Personaggi sospesi tra la vigliaccheria e la complessità
La famiglia dei due ragazzi – che conta un terzo fratello, Vittorio – viene presentata da subito in una maniera che Laino definisce come “un po’ grigia”. Ossessivamente legati al denaro, considerano qualsiasi altra cosa di poco valore; la madre fa del proprio sacrificio per il lavoro e per la famiglia un’arma di ricatto per tenere i figli ed il marito imbrigliati in quel mondo arcaico legato alla materialità, al denaro e alla terra.
L’Irpinia diventa un mondo a parte, che, sebbene sia relativamente vicino a Napoli, rimane collocato in una sorta di “prima modernità”. Pietro, Gabriele e Vittorio sono appesantiti da questa terra che sente il peso del passato, della storia – e, quando i primi due arrivano a Napoli da fuorisede, vivono un’esperienza eccitante e di estrema libertà. Nonostante ciò, mentre Gabriele e Vittorio riescono ad evitare il “destino” che la famiglia ha scritto per loro, Pietro spesso segue il cammino che i genitori, e soprattutto la madre-padrona, ha tracciato per lui.

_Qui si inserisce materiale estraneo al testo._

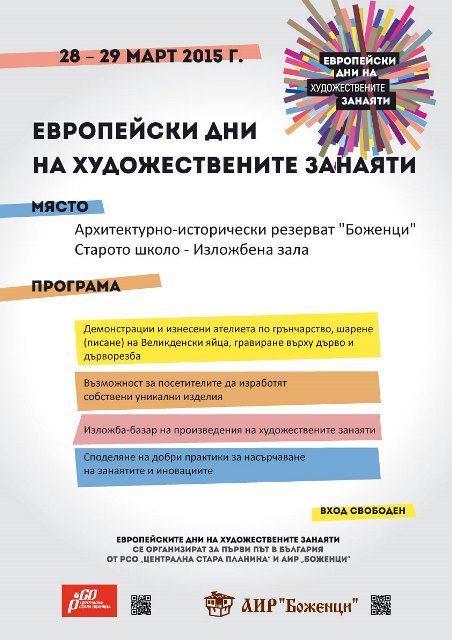 РСО „Централна Стара планина” и АИР „Боженци” организират на 28 и 29 март 2015 г. първите Европейски дни на художествените занаяти в България.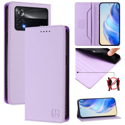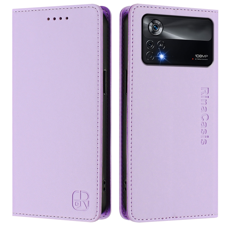 Funda de Cuero con Doble Pliegue y Succión Magnética para Teléfono Xiaomi Poco X4 Pro 5G Rc01 (Morado Claro)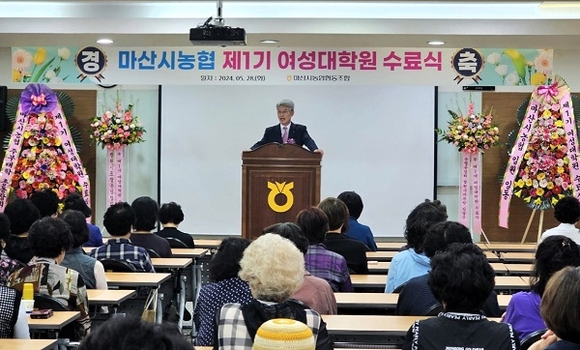 창원 마산시농협은 지난 28일 임원 및 주부대학 총회장, 대학원생 90여 명이 참석한 가운데 여성대학원 수료식을 가졌다고 30일 밝혔다.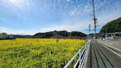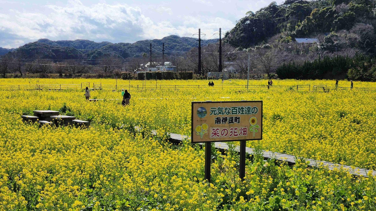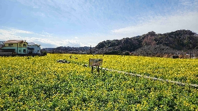 南伊豆町が毎年植えている大きなお花畑。1月上旬から3月にかけては菜の花、そして7月頃にはひまわりが楽しめる。面積はとにかく広く、迫力がある。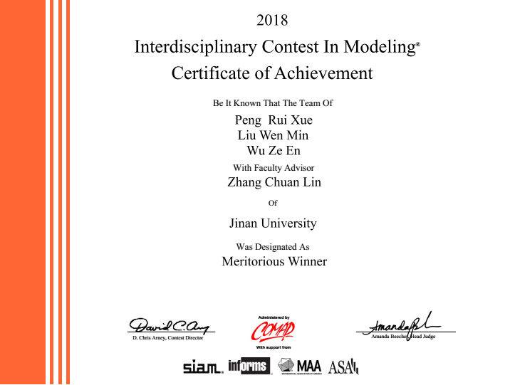 美国大学生数学建模竞赛(MCM/ICM)是由美国数学及其应用联合会主办,是唯一的国际性数学建模竞赛,也是世界范围内最具影响力的数学建模竞赛。赛题内容涉及经济、管理、环境、资源、生态、医学、安全、未来科技等众多领域。竞赛要求三人(本科生)为一组,在四天时间内,就指定的问题完成从建立模型、求解、验证到论文撰写的全部工作,体现了参赛选手研究问题、解决方案的能力及团队合作精神。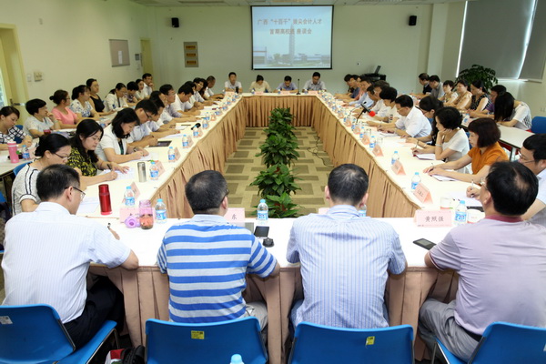 (撰稿:刁江城)为进一步做好广西“十百千”拔尖会计人才培养工作,了解培养效果,完善培养机制,提高人才使用效率,广西“十百千”拔尖会计人才首期高校班座谈会在学院举办。广西党委组织部副部长曾艳、广西财政厅总会计师王代玉 、上海国家会计学院院长李扣庆出席会计并发表讲话 ,广西财政厅会计处处长陈海涛、副处长徐捷,上海国家会计学院教务部主任张各兴、钮瑜瑾老师参加了会议。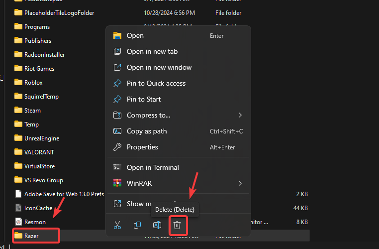 - Locate and delete the Razer folder.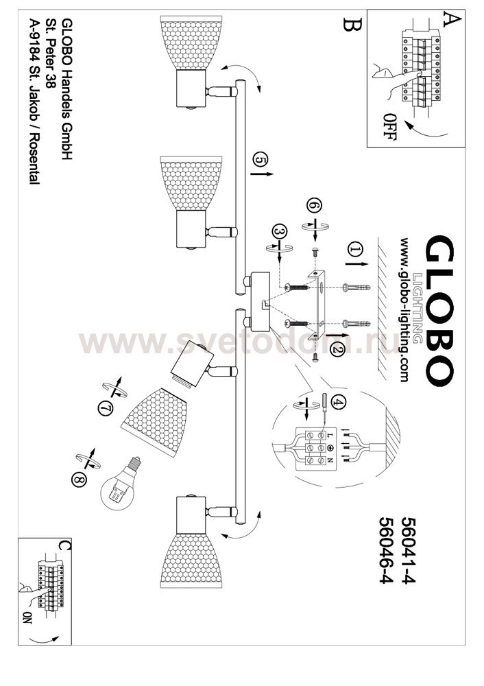 Светильники-споты – это оригинальные изделия с современным дизайном. Они позволяют не ограничивать свою фантазию при выборе освещения для интерьера. Такие модели обеспечивают достаточно качественный свет. Благодаря компактным размерам Вы можете использовать несколько спотов для одного помещения. Интернет-магазин «Светодом» предлагает необычный светильник-спот Globo 56041-4 по привлекательной цене. Эта модель станет отличным дополнением к люстре, выполненной в том же стиле. Перед оформлением заказа изучите характеристики изделия. Купить светильник-спот Globo 56041-4 в нашем онлайн-магазине Вы можете либо с помощью формы на сайте, либо по указанным выше телефонам. Обратите внимание, что у нас склады не только в Москве и Екатеринбурге, но и других городах России.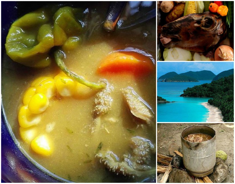 Mannish Water is a hearty soup made with “all” the relevant parts of a ram including the head, organs and testicles and then stewed for hours with ground provisions and local seasonings.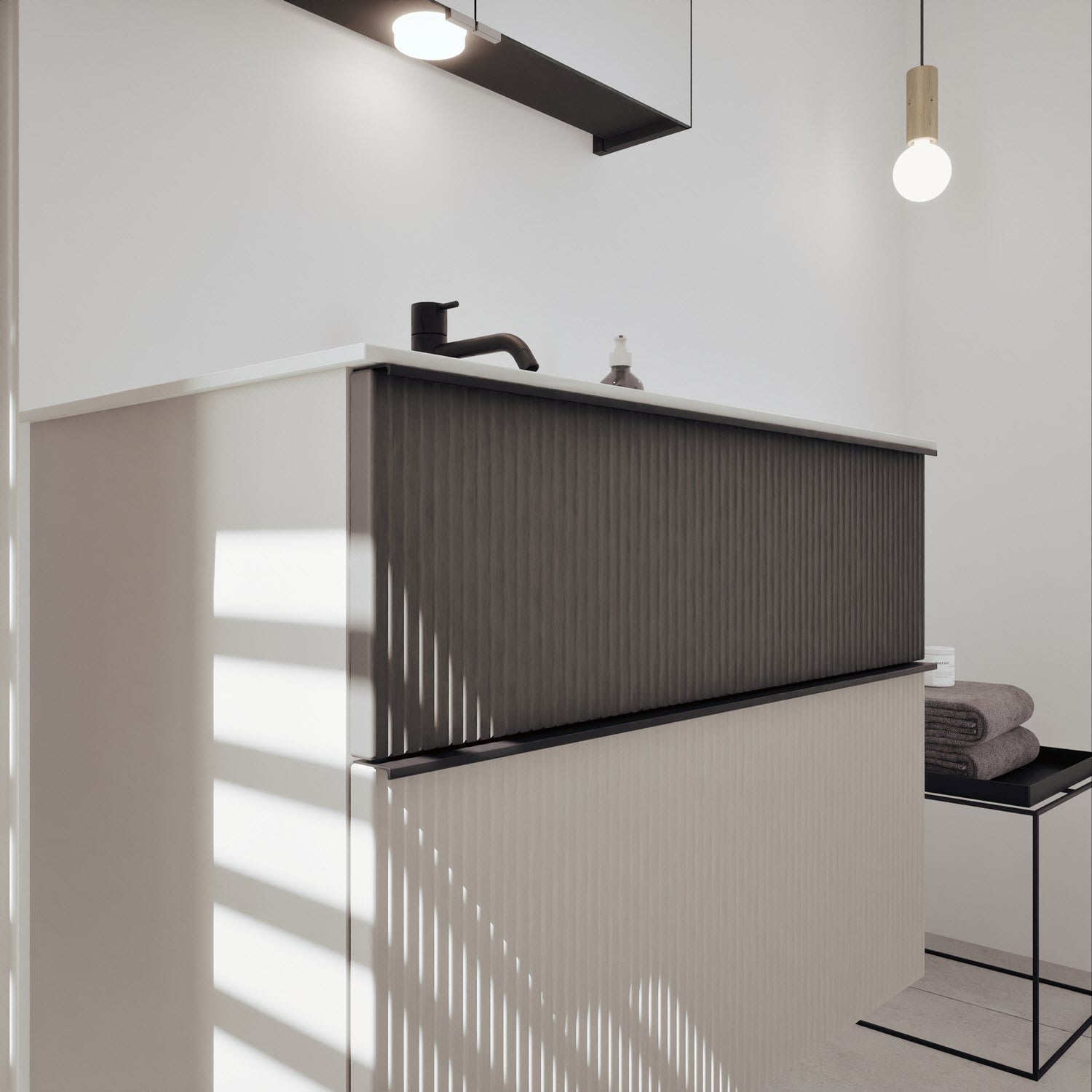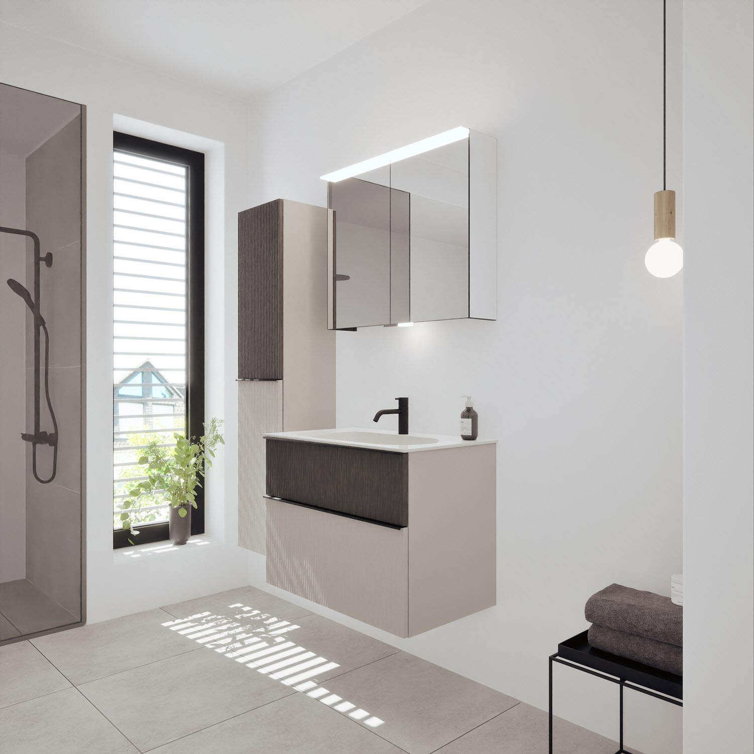 burgbad Fiumo 2.0 Mineralguss-Waschtisch mit Waschtischunterschrank 82 cm, mit Griff G0200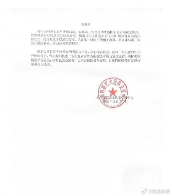 我司为举办七周年庆典活动,委托第三方设计团队创作了主活动视觉海报。该海报发布后收到部分网友反馈,指出其与《重返未来 1999》海报存在高度相似之处。我司对此予以深切关注,已在第一时间下架相关海报,并立即与第三方设计团队联系,启动内部核查程序。
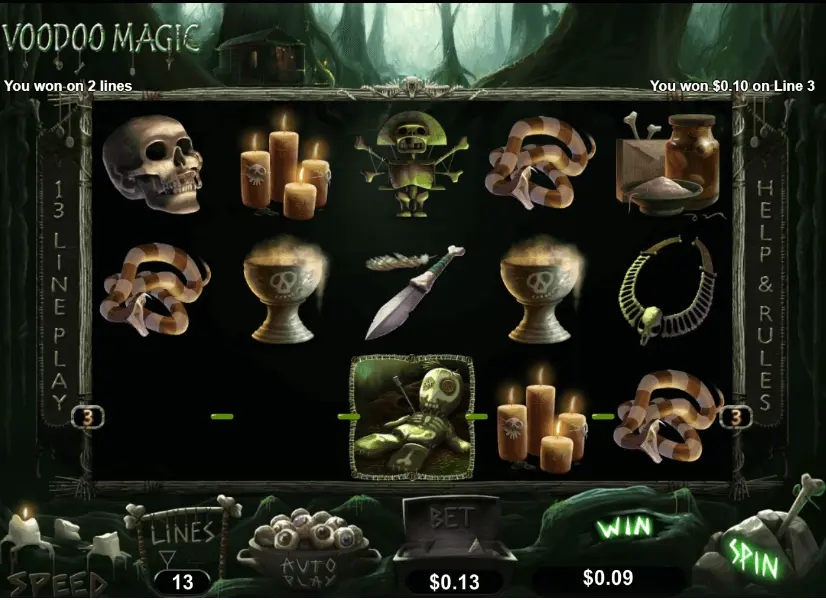 Voodoo Magic slot is a 5 reels and 13 pay lines video slot machine, created in 2014. Clearly, casino game can be marked as old but gold.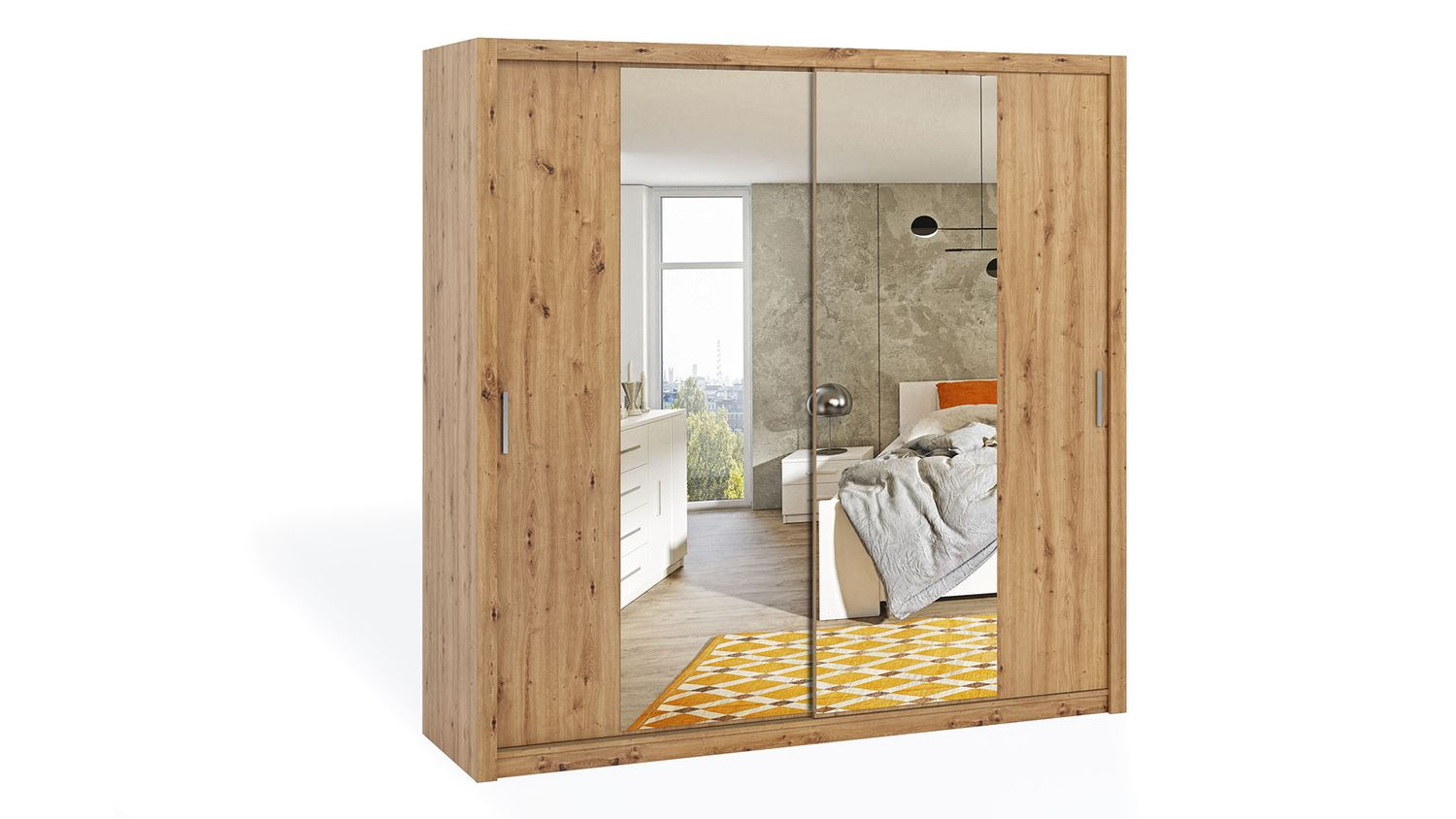 Nowoczesny design z naturalnym wykończeniem – idealny do sypialni, przedpokoju lub garderoby.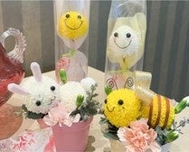 「ピンポンマム」という丸いお花にフェルトやワイヤーを貼り付けて『うさぎ』や『みつばち』をお作りいただけます。カーネーションで華やかに飾り付ける等、母の日のプレゼントにぴったりのアレンジメントです。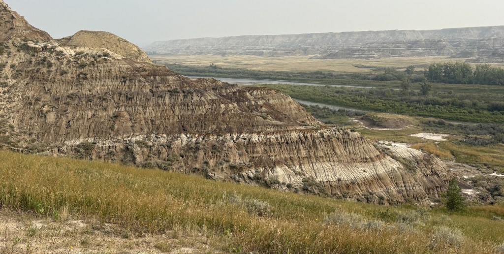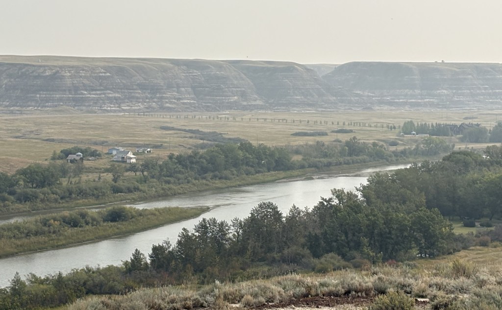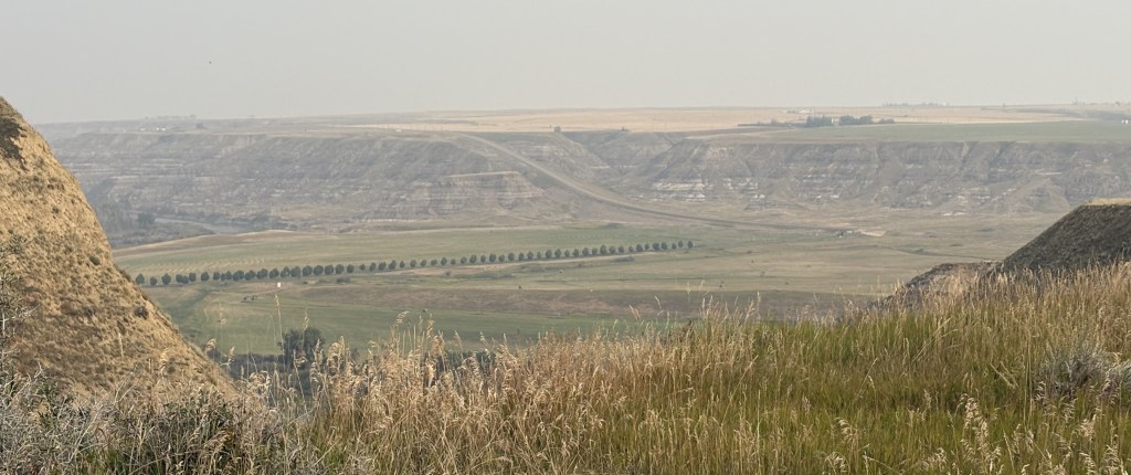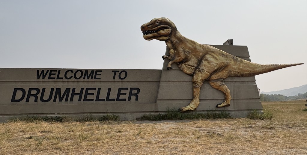 I went out to get something to eat and returned to my Airbnb. By the next day the air quality in Red Deer had changed to unhealthy, and my throat was a little sore from having been outside the day before, so I just stayed put for the day. The next morning I evaluated my options online and decided it should be ok to go back south and east towards the town of Drumheller.
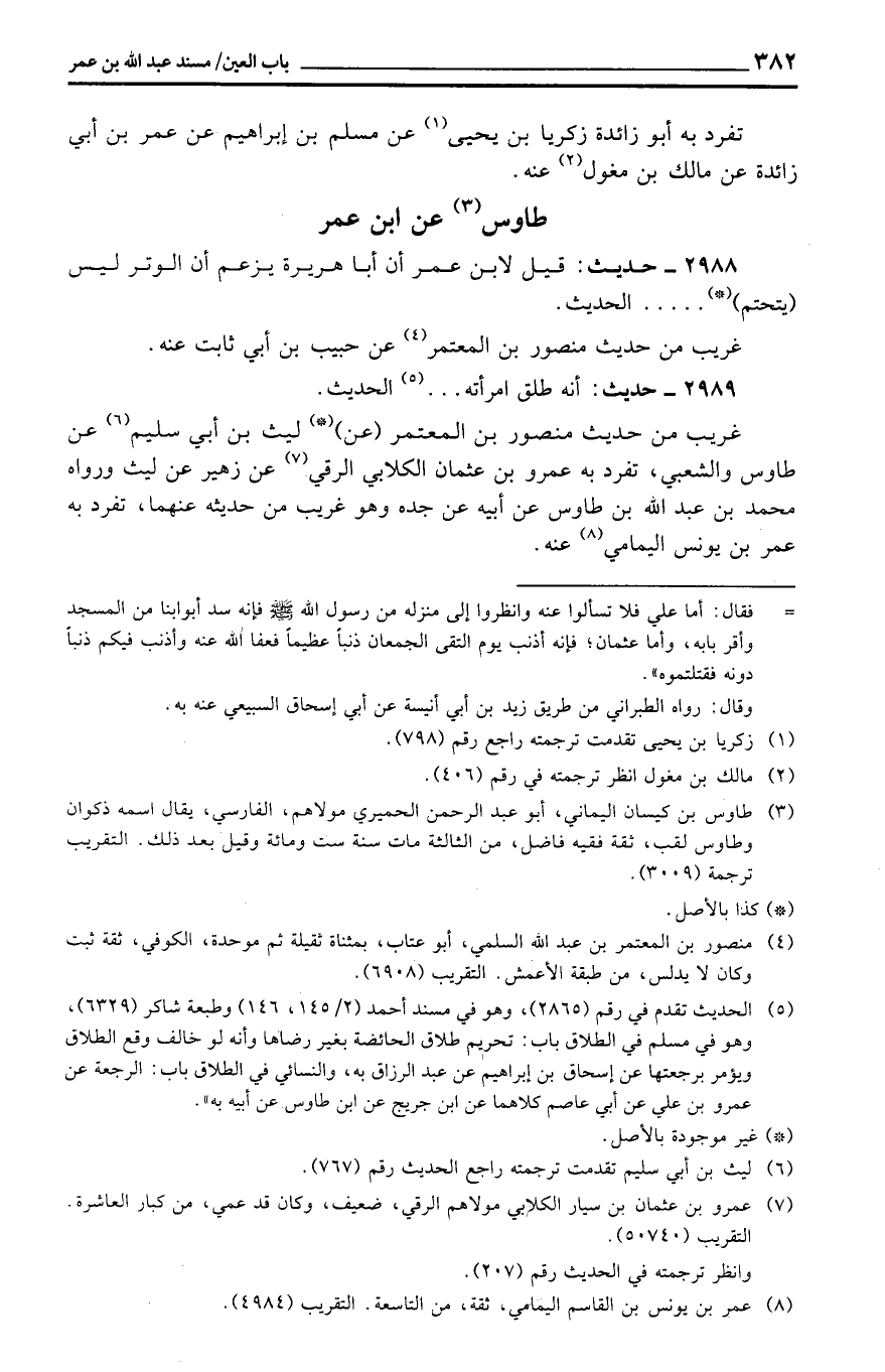 2988 - حَدِيث: قيل لِابْنِ عمر أَن أَبَا هُرَيْرَة يزْعم أَن الْوتر لَيْسَ (يتحتم)

Durante la presentazione, Heddi Goodrich interrompe Laino, per “difendere Pietro”, come lei stessa dice: “Alcuni lettori mi hanno detto: Pietro è un vigliacco. Ma io volevo dargli spessore psicologico: non mi interessa [parlare del] principe azzurro, mi interessa [parlare] di uomini complessi, perchè siamo tutti esseri umani con le nostre debolezze e i nostri difetti. Le email e le lettere presenti nel romanzo servono anche a questo, a dare una voce anche a Pietro, a conferirgli il suo spessore.”. L’autrice aggiunge che è interessante considerare il bagaglio culturale di Pietro: “viene da un luogo dove c’è proprio un attaccamento alla terra, che Heddi in quanto americana non riesce proprio a concepire. Si può parlare di Pietro come simbolo delle radici e delle tradizioni.”
“Io me ne sono andata in un posto remoto, sono andata in Nuova Zelanda, ma Napoli non mi ha lasciata, è rimasta con me. Io ho romanzato delle cose che mi sono capitate, ma gli episodi successi a Napoli sono tutti veri, non ho esagerato – sono momenti magici e strani che sono sempre rimasti con me. Io sono tornata a Napoli per la prima volta dopo dieci anni e vi ho trascorso una sola giornata, ma mi sono successe talmente tante di quelle cose – strane, bellissime e bruttissime, teatrali e umane, delicate – tutte insieme, in una giornata sola. Quando sono tornata in nuova Zelanda mi sono messa al computer ed ho scritto un racconto di dieci pagine su quella sola giornata: Napoli, per me, è una città che ispira. Non so se sarò capace di scrivere bene senza Napoli come sfondo.” Conclude l’autrice. “Napoli è un’anguilla che sfugge tra le mani: non si può descrivere perché è una cosa che sfugge alle parole ed alla comprensione. Perciò è bella.”.